EXERCISE - Give again, word for word, each line below starting at the one that contains "ダイキンエアコン量販店モデル" and ending at the one that contains "The next tier".

DATA SUPPLIED -

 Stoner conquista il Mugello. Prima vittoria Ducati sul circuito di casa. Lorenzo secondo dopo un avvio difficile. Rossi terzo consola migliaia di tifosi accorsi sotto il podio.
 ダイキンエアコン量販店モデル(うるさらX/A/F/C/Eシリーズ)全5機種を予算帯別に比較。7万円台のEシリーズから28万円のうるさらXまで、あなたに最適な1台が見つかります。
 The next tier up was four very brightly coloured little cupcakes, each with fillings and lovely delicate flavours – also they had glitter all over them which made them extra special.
* * *
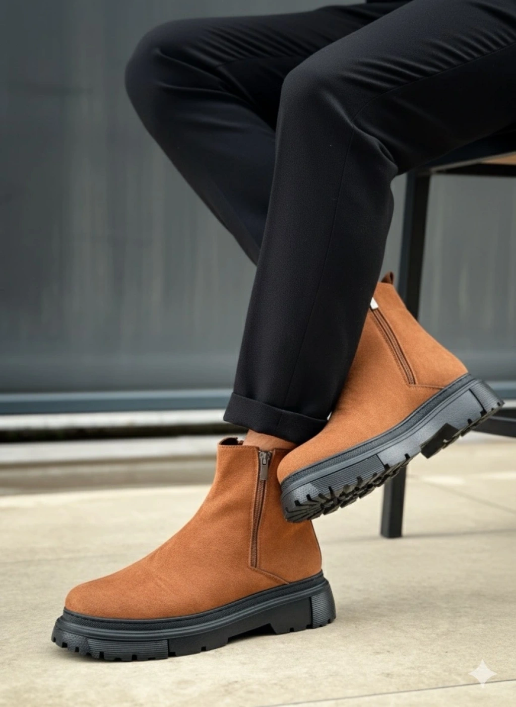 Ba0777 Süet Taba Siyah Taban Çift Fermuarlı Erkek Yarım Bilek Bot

TASK RESPONSE -
 ダイキンエアコン量販店モデル(うるさらX/A/F/C/Eシリーズ)全5機種を予算帯別に比較。7万円台のEシリーズから28万円のうるさらXまで、あなたに最適な1台が見つかります。
 The next tier up was four very brightly coloured little cupcakes, each with fillings and lovely delicate flavours – also they had glitter all over them which made them extra special.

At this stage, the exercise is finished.